• Problem to work on: The line with "Pictures from the" marks the start; please set it down along with all later lines through the end of the material, exactly, leaving out pictures.

------------------------------

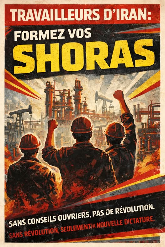 Il n’y aura pas de paix, pas de sécurité, pas de droit, pas de justice, pas de bien-être, pas de liberté pour aucun peuple tant que l’impérialisme ne sera pas renversé définitivement et mondialement. Et la seule force capable d’éradiquer l’impérialisme, c’est le prolétariat révolutionnaire, à condition de s’organiser en masse et de manière autonome à l’égard des forces bourgeoises et réformistes et de s’unir ainsi à tous ceux qui se révoltent, à tous ceux qui souffrent, à tous ceux qu’on exploite et qu’on opprime, aux femmes, aux jeunes, aux petits artisans, aux petits commerçants, aux petits paysans, aux petits pêcheurs, aux petits taxis et camionneurs et on en passe. Ce sont les conseils du peuple travailleur, élus et révocables, issus d’assemblées souveraines et décisionnelles, qu’on appelle ces conseils du peuple travailleur des soviets, des comités et piquets de gilets jaunes, des chouras comme en Iran, des tanacs comme en Hongrie ou des MKS comme en Pologne, des labor commitees comme en Angleterre, des comités revolucionarios comme en Espagne, etc…
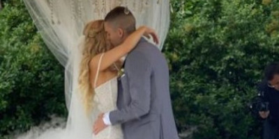 Mladi par je svadbu napravio u Novom Sadu. Vedrana je izabrala venčanicu sa dubokim izrezom koji je isticao noge, dok je i Gaćinović bio zanimljivo obučen pošto je umesto cipela izabrao patike.
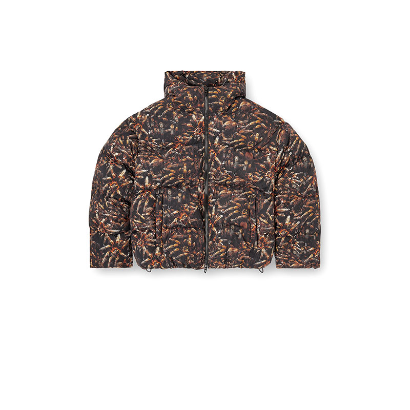 The tarantula print on this men’s quilted jacket makes you forget the creature’s solitary nature. Made from lightweight recycled nylon winterproofed with padding, it’s equipped with secure zip pockets and a cosy lining at the hood. Drawstring-adjustable cuffs and hem trap heat when the temperatures plummet.
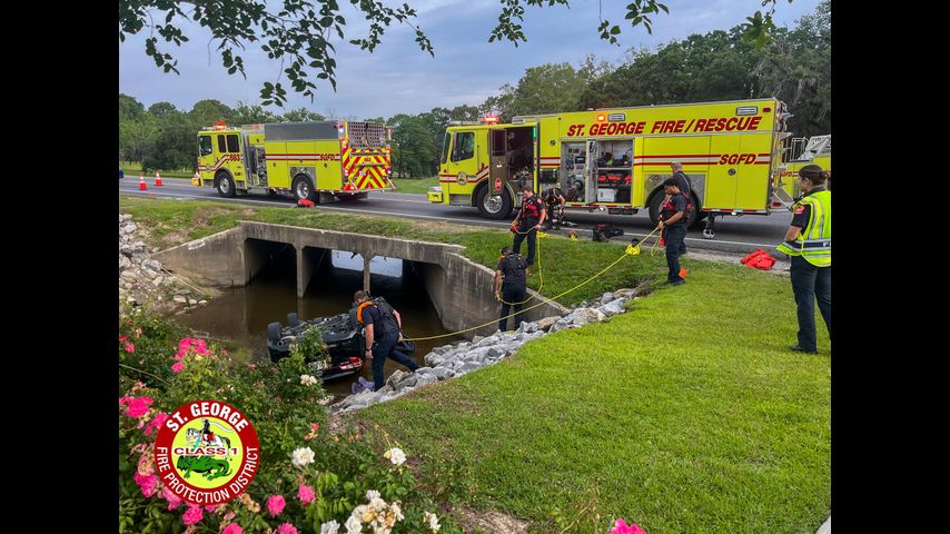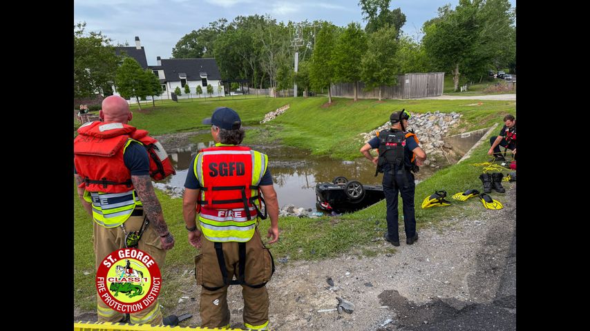 Pictures from the St. George Fire Department showed a car crashed into the pond in front of the Valhalla subdivision. The bystander who called in the crash said they didn't see it happen.
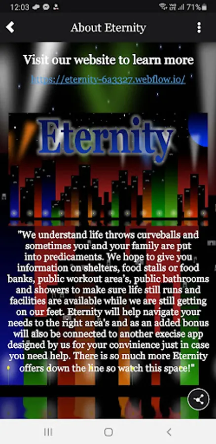 EternityNZ is an app focussed on helping NZers navigate through these hard times. Whether you have been evicted or flooded out of your home nomatter what the reason may be, we have designed an app that has done the navigating for you and we have connected helpful links to websites that will get you what you need faster. We are very sorry for the situation you're in and hopefully our app helps you get on your feet faster. We have helped countless families find shelter, food, bathrooms etc. We concentrate on helping those in need. EternityNZ is for our NZ people only as we can only help those in our own backyard. We will be looking to expand but for now we start with NZers finding shelter, food, bathrooms etc.....
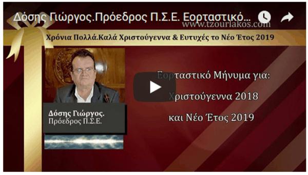 Δόσης Γιώργος.Πρόεδρος Π.Σ.Ε. Ηχογραφημένο Εορταστικό μήνυμα για Χριστούγεννα 2018 & Νέο Έτος 2019.
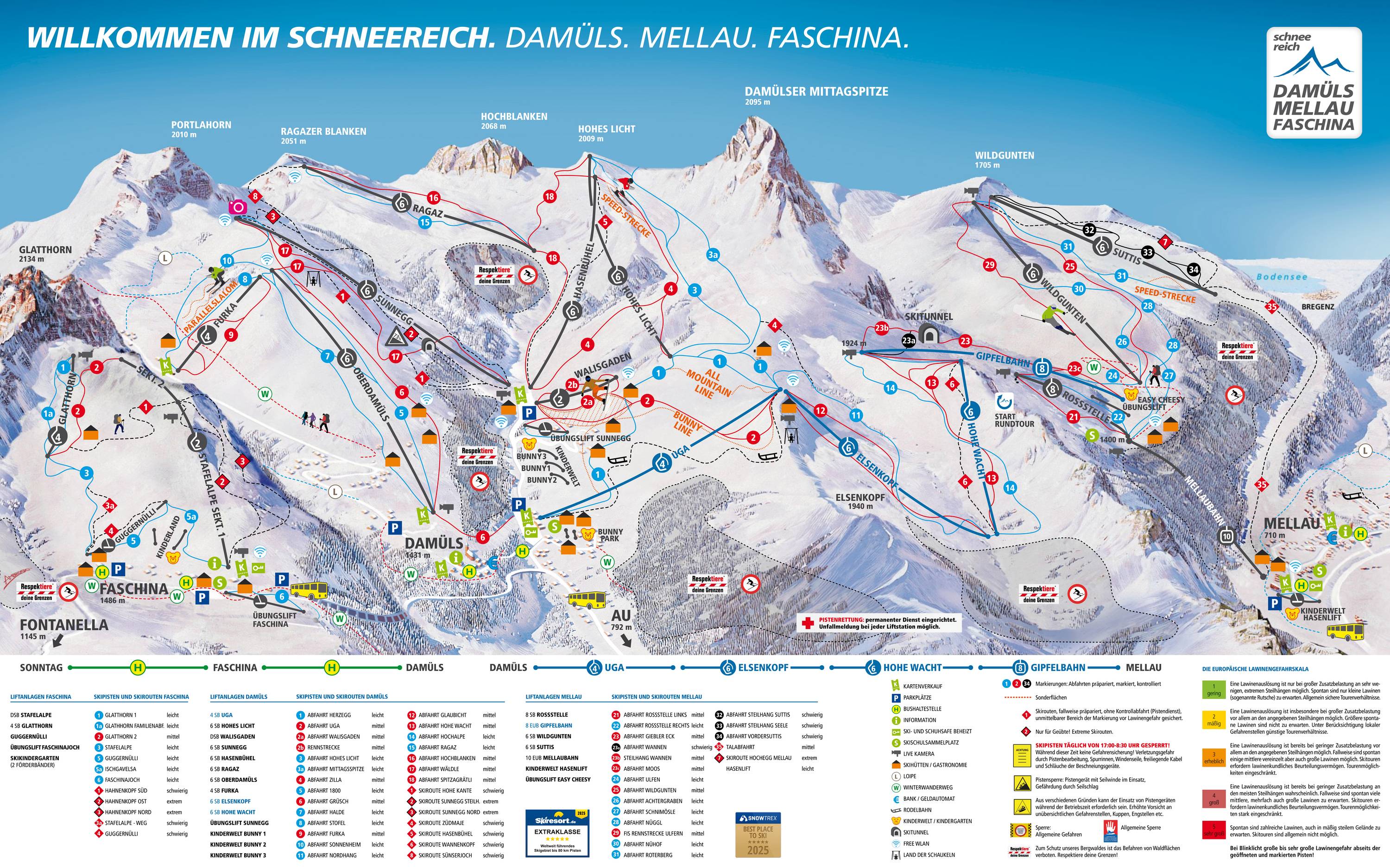 Damüls már többször megkapta a "Leghóbiztosabb falu" címet. Mellau tradicionális osztrák síterep, modern felvonókkal. A két síterepet a 2009/10-es szezonban kötötték össze egy 6 személyes kabinos felvonóval.

------------------------------

• Result of this task:
 Pictures from the St. George Fire Department showed a car crashed into the pond in front of the Valhalla subdivision. The bystander who called in the crash said they didn't see it happen.
 EternityNZ is an app focussed on helping NZers navigate through these hard times. Whether you have been evicted or flooded out of your home nomatter what the reason may be, we have designed an app that has done the navigating for you and we have connected helpful links to websites that will get you what you need faster. We are very sorry for the situation you're in and hopefully our app helps you get on your feet faster. We have helped countless families find shelter, food, bathrooms etc. We concentrate on helping those in need. EternityNZ is for our NZ people only as we can only help those in our own backyard. We will be looking to expand but for now we start with NZers finding shelter, food, bathrooms etc.....
 Δόσης Γιώργος.Πρόεδρος Π.Σ.Ε. Ηχογραφημένο Εορταστικό μήνυμα για Χριστούγεννα 2018 & Νέο Έτος 2019.
 Damüls már többször megkapta a "Leghóbiztosabb falu" címet. Mellau tradicionális osztrák síterep, modern felvonókkal. A két síterepet a 2009/10-es szezonban kötötték össze egy 6 személyes kabinos felvonóval.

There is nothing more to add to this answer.